Task statement
The first line of the listing opens the range and the line with "现在我们已经打开了控制台选项" closes it; repeat those lines and all between them word for word, leaving out the pictures.
Segment Open
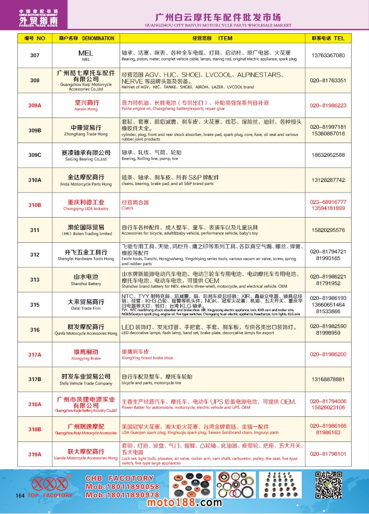由《摩托车与配件》杂志社,在国内首次独家推出的《中国摩托车配件外贸市场指南》工具书正式面世。这是一本专业定位于外贸企业的工具书,随着一带一路发展战略的推进,更多企业走出国门,将产品销往世界各地,本书收集了国内主要从事摩托车配件外贸的工厂、商家、国外部分驻华采购机构等资料汇总而成.
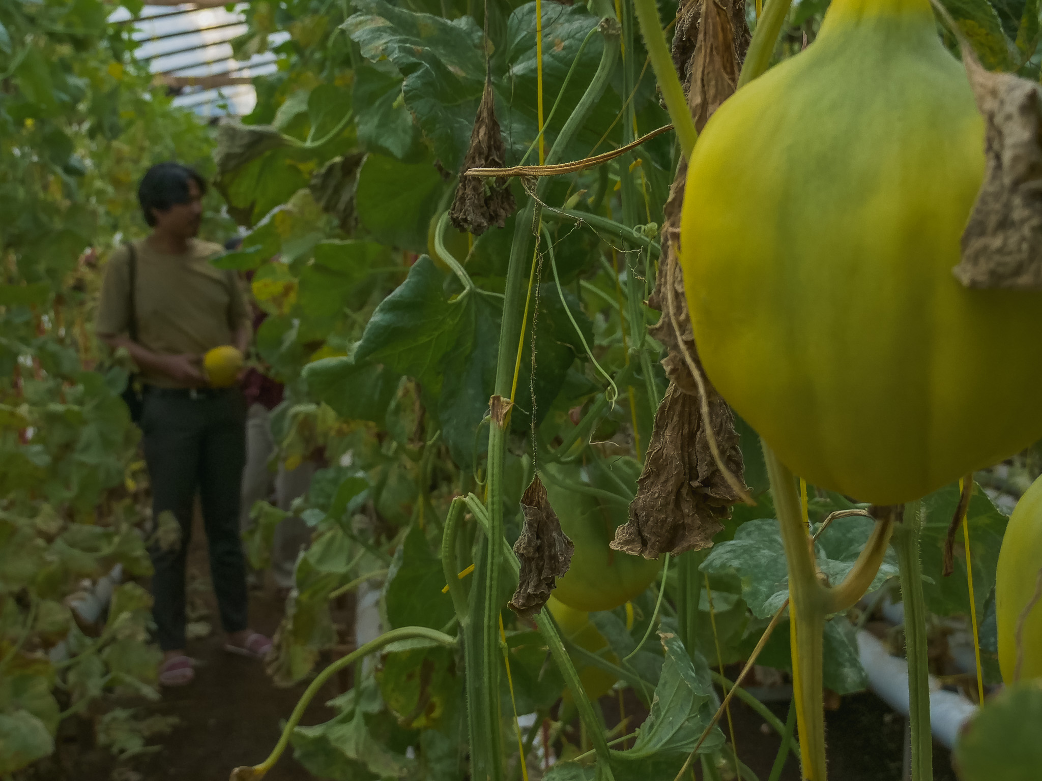 Dia mengatakan dalam satu greenhouse ada 600 lubang tanam. Dia menghitung-hitung kalau satu lubang satu kilo maka ada 600 kilogram yang akan didapatkan.
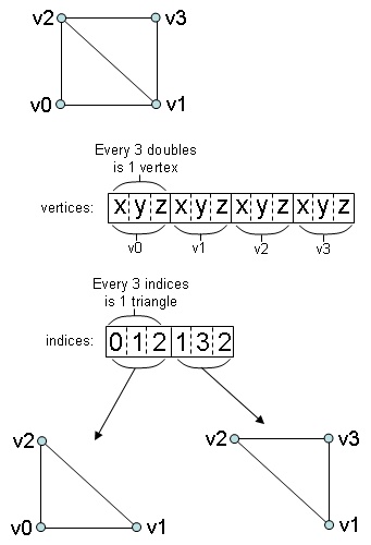 An indexed triangle list for a mesh with two triangles is shown below.
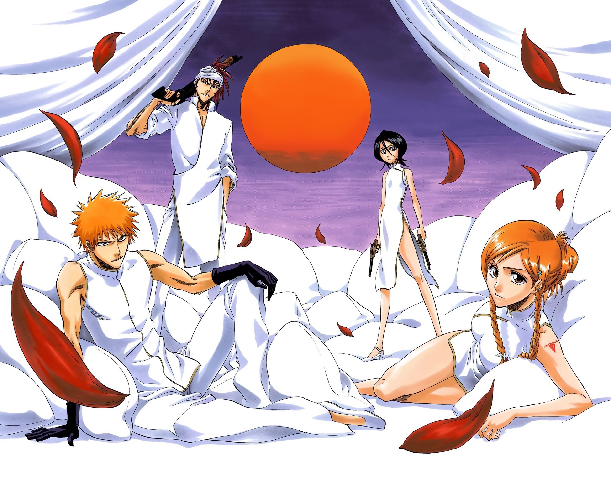00s 2007 2boys 2girls abarai_renji alternate_hairstyle alternate_weapon arm_support bandana bare_shoulders black_gloves black_hair bleach braid breasts china_dress chinese_clothes curtains dress dual_wielding facial_tattoo gloves gun hair_between_eyes hair_bun hair_ornament hair_up hairclip hand_in_pocket handgun high_heels high_ponytail highres holding holding_weapon inoue_orihime kubo_tite kuchiki_rukia kurosaki_ichigo large_breasts long_legs lying multiple_boys multiple_girls official_art on_side orange_eyes orange_hair over_shoulder pants parted_lips petals ponytail red_hair revolver second-party_source shoes short_dress short_hair short_hair_with_long_locks shotgun side_slit single_hair_bun sitting sleeves_rolled_up small_breasts spiked_hair standing swept_bangs tattoo toned turtleneck twin_braids weapon weapon_over_shoulder
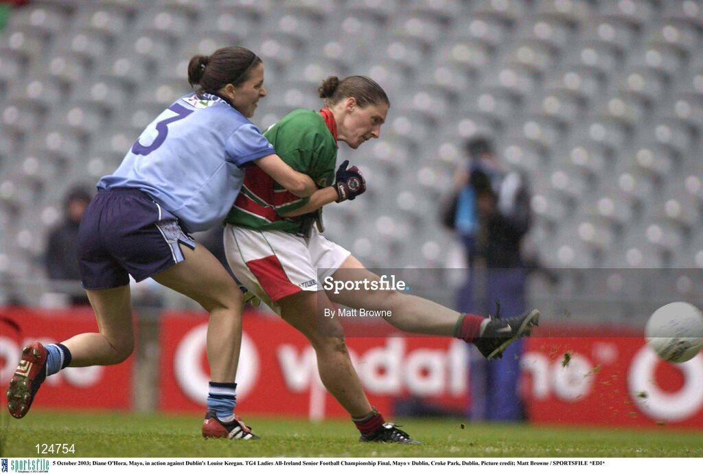 5 October 2003; Diane O'Hora, Mayo, in action against Dublin's Louise Keegan. TG4 Ladies All-Ireland Senior Football Championship Final, Mayo v Dublin, Croke Park, Dublin. Picture credit; Matt Browne / SPORTSFILE *EDI*
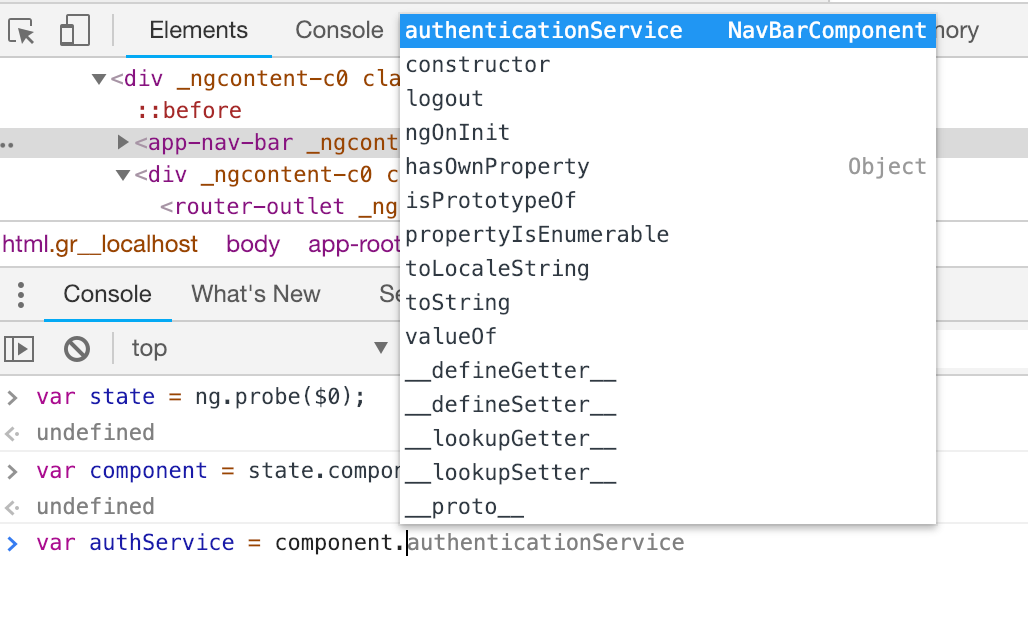 现在我们已经打开了控制台选项卡,让我们获取感兴趣的服务。在这种情况下,我们对AuthService感兴趣。我们可以打开浏览器控制台并执行以下操作:
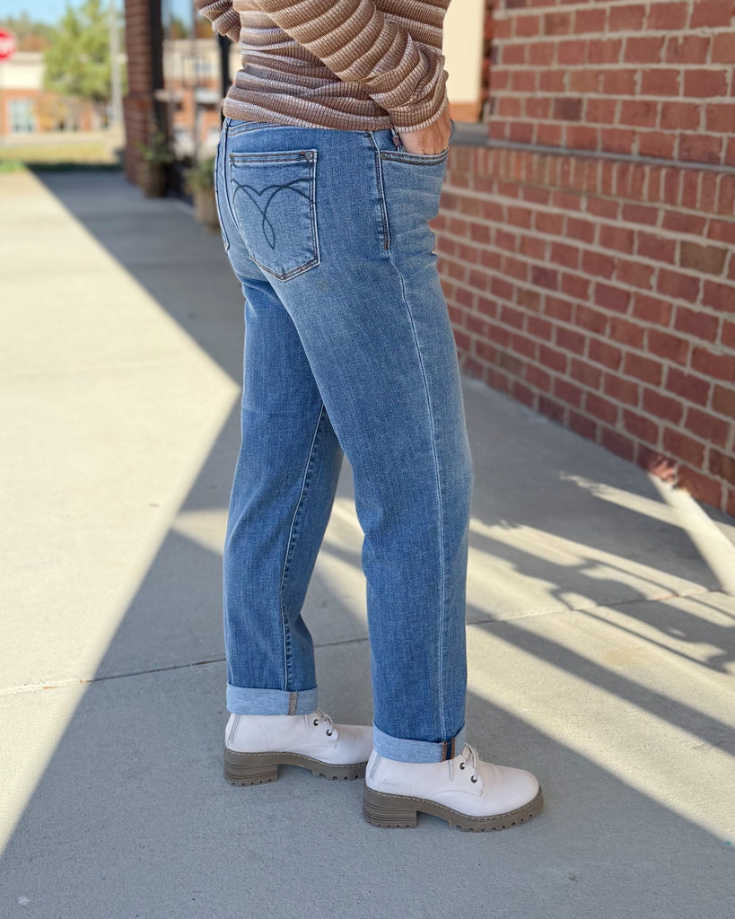 Meet your new everyday favorite jeans from Judy Blue! Designed with a flattering mid-rise waist and a gently tapered leg, these jeans give you that relaxed boyfriend fit without feeling too slouchy. The medium blue wash offers a timeless, lived-in look, while the cuffed hem adds a touch of effortless style. Crafted from Judy Blue’s signature soft stretch denim, they move with you while holding their shape all day long.
Segment Closed
Reply to the exercise
由《摩托车与配件》杂志社,在国内首次独家推出的《中国摩托车配件外贸市场指南》工具书正式面世。这是一本专业定位于外贸企业的工具书,随着一带一路发展战略的推进,更多企业走出国门,将产品销往世界各地,本书收集了国内主要从事摩托车配件外贸的工厂、商家、国外部分驻华采购机构等资料汇总而成.
 Dia mengatakan dalam satu greenhouse ada 600 lubang tanam. Dia menghitung-hitung kalau satu lubang satu kilo maka ada 600 kilogram yang akan didapatkan.
 An indexed triangle list for a mesh with two triangles is shown below.
00s 2007 2boys 2girls abarai_renji alternate_hairstyle alternate_weapon arm_support bandana bare_shoulders black_gloves black_hair bleach braid breasts china_dress chinese_clothes curtains dress dual_wielding facial_tattoo gloves gun hair_between_eyes hair_bun hair_ornament hair_up hairclip hand_in_pocket handgun high_heels high_ponytail highres holding holding_weapon inoue_orihime kubo_tite kuchiki_rukia kurosaki_ichigo large_breasts long_legs lying multiple_boys multiple_girls official_art on_side orange_eyes orange_hair over_shoulder pants parted_lips petals ponytail red_hair revolver second-party_source shoes short_dress short_hair short_hair_with_long_locks shotgun side_slit single_hair_bun sitting sleeves_rolled_up small_breasts spiked_hair standing swept_bangs tattoo toned turtleneck twin_braids weapon weapon_over_shoulder
 5 October 2003; Diane O'Hora, Mayo, in action against Dublin's Louise Keegan. TG4 Ladies All-Ireland Senior Football Championship Final, Mayo v Dublin, Croke Park, Dublin. Picture credit; Matt Browne / SPORTSFILE *EDI*
 现在我们已经打开了控制台选项卡,让我们获取感兴趣的服务。在这种情况下,我们对AuthService感兴趣。我们可以打开浏览器控制台并执行以下操作:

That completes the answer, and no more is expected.